Most new medicines receive scrutiny over pricing, but Leqembi will be particularly picked apart because of the Aduhelm fiasco, debates over clinical meaningfulness, heightened safety concerns in the wake of reports of patient deaths, as well as the sheer number of patients who might one day receive the drug since there are no other options to alter the course of disease. Aduhelm was initially priced at $56,000, causing uproars in Congress and elsewhere. The annual price was eventually slashed to $28,200, but sales have been abysmal in comparison to the billions in sales Biogen once expected.

A day before the approval came out, Jefferies analysts thought Aduhelm and Leqembi might be priced similarly, writing in a note: “Investors expectations are anchored close to the $28,000 annual price that Biogen and Eisai latterly adopted for Aduhelm.”

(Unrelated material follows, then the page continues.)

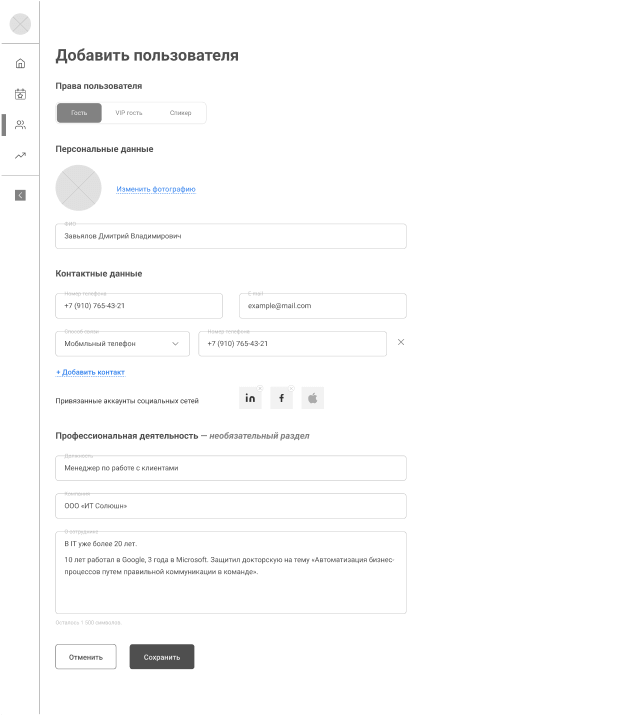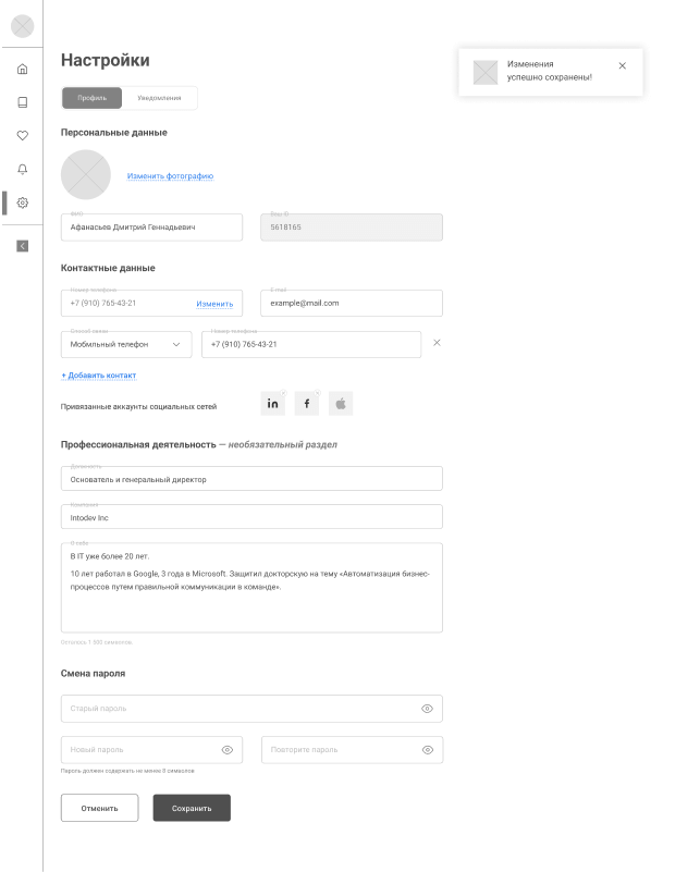 Пользователь может заполнить данные о себе в настройках профиля. Эти данные будут отображаться в его карточке и визитках.

Biogen took the lead on Aduhelm pricing, whereas Eisai was in the driver’s seat this time around. Lars Lannfelt, the inventor of Leqembi and approximately 33% shareholder of Eisai partner BioArctic, called the Aduhelm pricing a “mistake” in an interview, but wouldn’t comment on Leqembi’s price other than saying it should be accessible to everyone who can benefit from it.

No matter the price, Leqembi will likely be infused in few patients at this stage, as the US government’s insurer for those over the age of 65 puts a limit on coverage of anti-amyloid drugs following the Aduhelm nod. Patients essentially have to be in a clinical trial to get coverage from the Centers for Medicare & Medicaid Services. Communications with CMS have been ongoing for months and Eisai said it doesn’t expect the limitation to get revised or lifted ahead of a full approval, which could come later this year as the drugmaker says it will almost immediately file to turn the accelerated nod into a traditional one.